Como menciona Claudio Lima, parte importante dessa popularização também tem relação com a possibilidade de mesmo quem não joga assistir lives e partidas. No segundo semestre de 2020, a Twitch, plataforma de streaming da Amazon, contabilizou mais de 5 bilhões de horas assistidas de lives de games. O Brasil possui um dos maiores streamers da plataforma no mundo, o Gaules. Adriana Noronha, mãe e sócia do streamer Yoda, criou a SehLoiro, em 2015, com o propósito de incentivar, educar e contribuir para profissionalização de atleta de esports e streamers gamers. “A demanda maior atualmente está para o criador de conteúdo e a inteligência, a visão sistêmica e o potencial criativo, são as soft skills mais desejadas, que o profissional inserido nesse mercado deve oferecer. O influenciador que possuir a capacidade de criar e inovar, conseguirá expandir seu alcance, sua rede de relacionamento e consequentemente seus negócios.

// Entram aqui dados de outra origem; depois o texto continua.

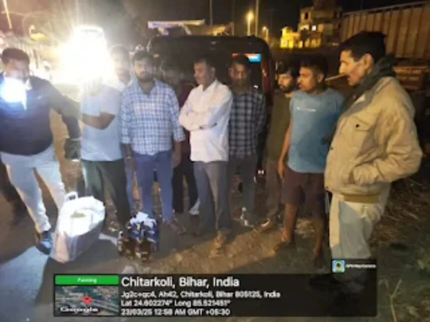 उत्पाद अधीक्षक अरुण कुमार मिश्र ने बताया कि बिहार मद्यनिषेध को लेकर समेकित जांच चौकी पर उत्पाद एसआई राजेश कुमार पटेल के नेतृत्व में उत्पाद बलों के सहयोग से झारखंड की ओर से आनेवाली प्रत्येक वाहनों की सघन जांच की जाती है। जांच के क्रम में उत्पाद एसआई प्रवीण कुमार ने एक काले रंग की स्कॉर्पियो संख्या-बीआर-01एचई/7667 से पांच बोतल विदेशी शराब बरामद किया। जब्त शराब में इंपीरियल ब्लू 750 एमएल का दो बोतल, रॉयल चैलेंज 750 एमएल का दो बोतल एवं रॉयल स्टैग 375 एमएल का एक बोतल शामिल है।स्कॉर्पियो में सवार कुल आठ लोगों को गिरफ्तार किया गया।

Os conteúdos criados, assim como seu posicionamento, deverão ter contexto com a comunidade, ser fiel à sua personalidade e ter a capacidade de se adaptar às constantes mudanças”, explica Adriana.

Campeão de Free Fire, o jogador Nobru investiu em sua própria equipe, juntamente com o também jogador Cerol (Crédito: Reprodução)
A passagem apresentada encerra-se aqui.